**YOUR GOAL**
Print out the data exactly, keeping every image out of it.

**SUPPLIED MATERIAL**
□ □ □
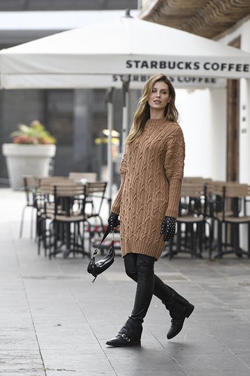 Ein ausdrucksstarkes Flechtmuster und hohe Ärmelbündchen vervollständigen die schlanke Form. Mit eingearbeiteten Taschen.
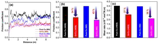 (a,b) Friction coefficient and (c) wear rate of pure Cu and Gr/Cu with powder prepared by HEB and ND techniques.
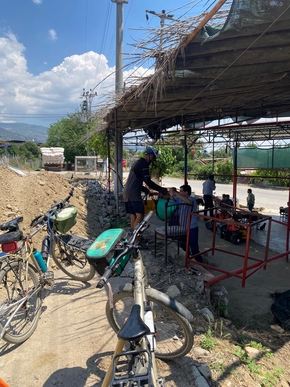En effet, le chemin est barré et impossible de continuer, l’obstacle est trop grand et le chemin éventré. Mais le petit café en contrebas est accessible par quelques marches et nous pourrions passer. Les clients et le propriétaire se lèvent sans poser de question et nous aident à porter vélos et bagages. Une occasion rêvée pour boire un çai, bien sûr.
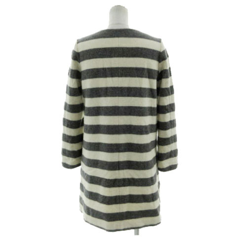 【仕様】コート ノーカラー 起毛 日本製 ボーダー フロントボタン留め フロントポケット2つ 品番10-020-900-1010-4-0
□ □ □
**EXERCISE ANSWER**
 Ein ausdrucksstarkes Flechtmuster und hohe Ärmelbündchen vervollständigen die schlanke Form. Mit eingearbeiteten Taschen.
 (a,b) Friction coefficient and (c) wear rate of pure Cu and Gr/Cu with powder prepared by HEB and ND techniques.
En effet, le chemin est barré et impossible de continuer, l’obstacle est trop grand et le chemin éventré. Mais le petit café en contrebas est accessible par quelques marches et nous pourrions passer. Les clients et le propriétaire se lèvent sans poser de question et nous aident à porter vélos et bagages. Une occasion rêvée pour boire un çai, bien sûr.
 【仕様】コート ノーカラー 起毛 日本製 ボーダー フロントボタン留め フロントポケット2つ 品番10-020-900-1010-4-0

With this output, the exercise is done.